My Kingdom for a Postcode

8th October 2013

Looking back, it is hard to define what made it so compelling.

Was it simply that it stood there, picturesquely, amongst grass and hedges, framed by the MacGillycuddy’s Reeks? Or perhaps that there was little else of human creation to attract attention? Or maybe the explanation is more prosaic – that I needed to water its hinterlands, and confused my motivation with interest in this particular, byroad object?

Whatever the allure, forces demanded that I stop my bike. And so I did.

One cannot create divine images with an iPhone, even if the tool itself has acquired the lustre of divinity. Nonetheless, I sought deftly to compose the photograph which told the story my mind saw.

For this was not simply a postbox. It seemed to channel a certain verité about our convulsing, febrile country. This country that refuses to stand still, whose truth seems to be ever-obscured by the pace of its change.

The pillar’s vibrant green had already seen days of vibrant red; I could see the GR (George Rex) of the British postal system, erased palimpsestically, transmuted into its Irish cousin. But now, both symbols of government lay in splendid dereliction; out of service.

Its tilt to the right surely also told a story. I resisted a prosaic explanation: a reversing trailer; an errant teenage motorist… No. I fancied I was observing the tilt of time. This proud postbox had held and held, until slowly, it leaned. Tired of all of its duties. Tired of rejecting all of the those small packets. Of accepting Letters Only.

Today, the Irish government has announced that the nation will switch to a 7-character alpha-numeric postcode system by 2015.

The decision means that Ireland will move from being the only nation in the OECD without a postcode system for postal deliveries to being the first nation in the world with a unique identifier for every dwelling and premises.

Such is the grip of progress – we are suddenly leap-frogged into leader position.

It reminds me of the so called ‘third world’ rung of nations which, having failed to erect complicated and expensive fixed-line telephony, found themselves running much of their lives and economy through mobile phones just like that. Indeed, Africans today are more likely to have Facebook accounts than they are email addresses, as mobile phones and smartphones have rendered expensive laptops redundant.

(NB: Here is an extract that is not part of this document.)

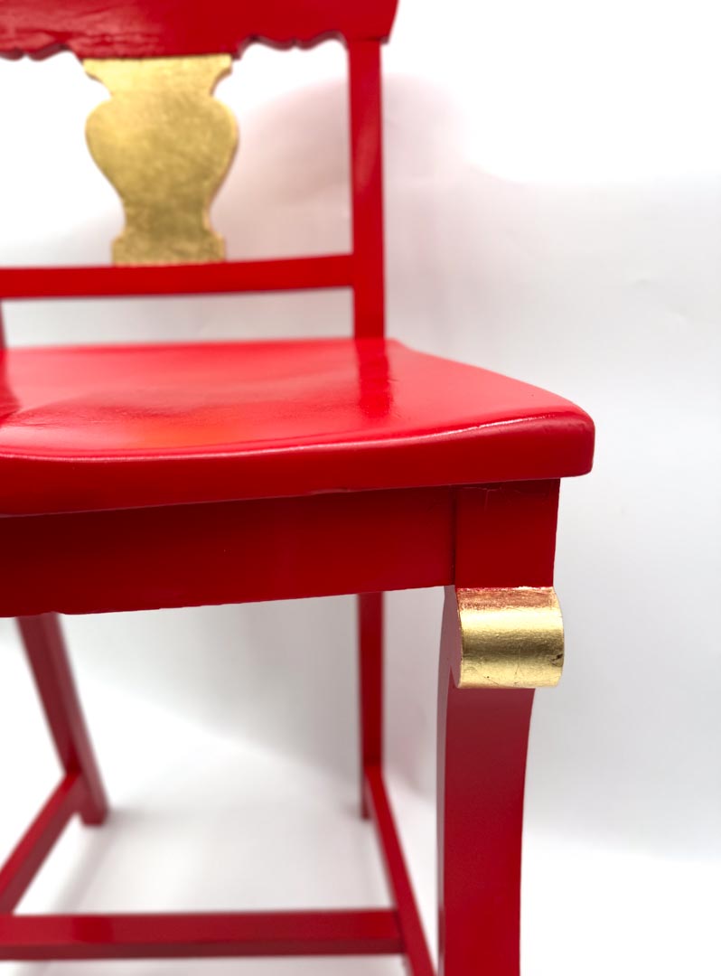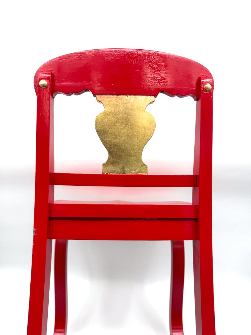 This chair design is a reference to a Queen Anne side chair from the 1750s. Known for vase-shaped splat (back panel), svelte cabriole legs and hand-carved ball-and-claw feet. This design, made sometime between 1900-1930, is a modern interpretation featuring only mechanically cut side profiles on the legs and machine-made mortise and tenon joints to pay homage to the craftsmanship of 150 years past. The wood is solid mahogany.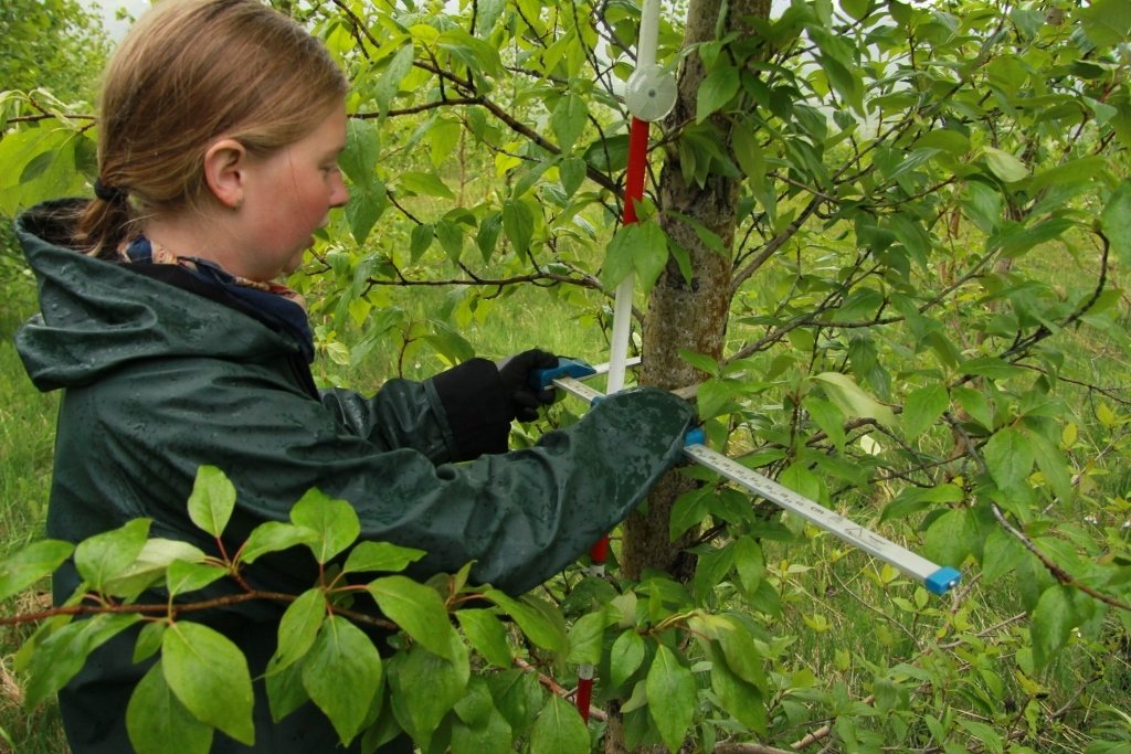Á mælistikunni sem Kajsa stendur við er endurskin sem tækin nema til að sannreyna m.a. staðsetningu trésins miðað við punktinn í mælifletinum.">

I am strangely non-plussed by our Irish dance into the leading edge of postcode-ery.

Something in me wants to hold back, to wallow in those ridiculous addresses down the country which demand local knowledge of a town-land, and a Masters degree in Private Investigation. Apparently 30% of the nation does not currently have a unique written address, thus forcing precision off the envelope and into the heads of much under-appreciated postal workers.

Nostalgia can be, I freely admit, a tool of social tyranny. Its cloak is usually desired for others, not for oneself.

I have on occasion met despondent Americans touring Ireland, dearly wishing those pesky motorways and clothing franchises away.

‘Why can’t it be like it used to be? I don’t want Ireland to be just another American mall!’

I myself felt despondent for a whole afternoon when I read that the county of Leitrim was to get its first set of traffic lights.

That was in 2003.

I must confess that I was not aware that Leitrim was bereft of red, orange and greenery. But once I knew, I was willing to go on a march to keep traffic lights out, out, out. Sure what would Leitrim be wanting with those?

So here we are, on the brink of Irish postcode efficiency. Apparently, the well-established Dublin codes will still be detectable in the new postcode system, signalled by the first three characters i.e. D01 XXXX, D02 XXXX, D03 XXXX, D04 XXXX… The Irish people – being human – have always sought to codify belonging – be it by hailing from Cork, or the Northside, or D4. We are about to get 9,999,999 further possible ways to create new groupings to which we can belong, or un-belong.

Indeed, because the new codes will carry four letters in them as well as three digits, that figure is grossly under-estimated. One would need a Masters in statistics to figure out its upper limit.

It will be interesting to watch it creep in; micro-areas of cities and counties being given preferential rates on insurance, zones of town-lands being categorised as desirable or otherwise. There will likely be unintended consequences, as well as intended efficiencies.

I do not resent the postcode progress. On the contrary, it is, of course, the right thing to do.

And yet, emotionally, the introduction of seven-character brevity comes with cost attached.

Just like the crooked postbox standing amid the MacGillycuddy’s Reeks, our bokety old postal address system stood for something.

A little of what we are is once again painted over, and we must ride further down the byroad, in search of our living soul.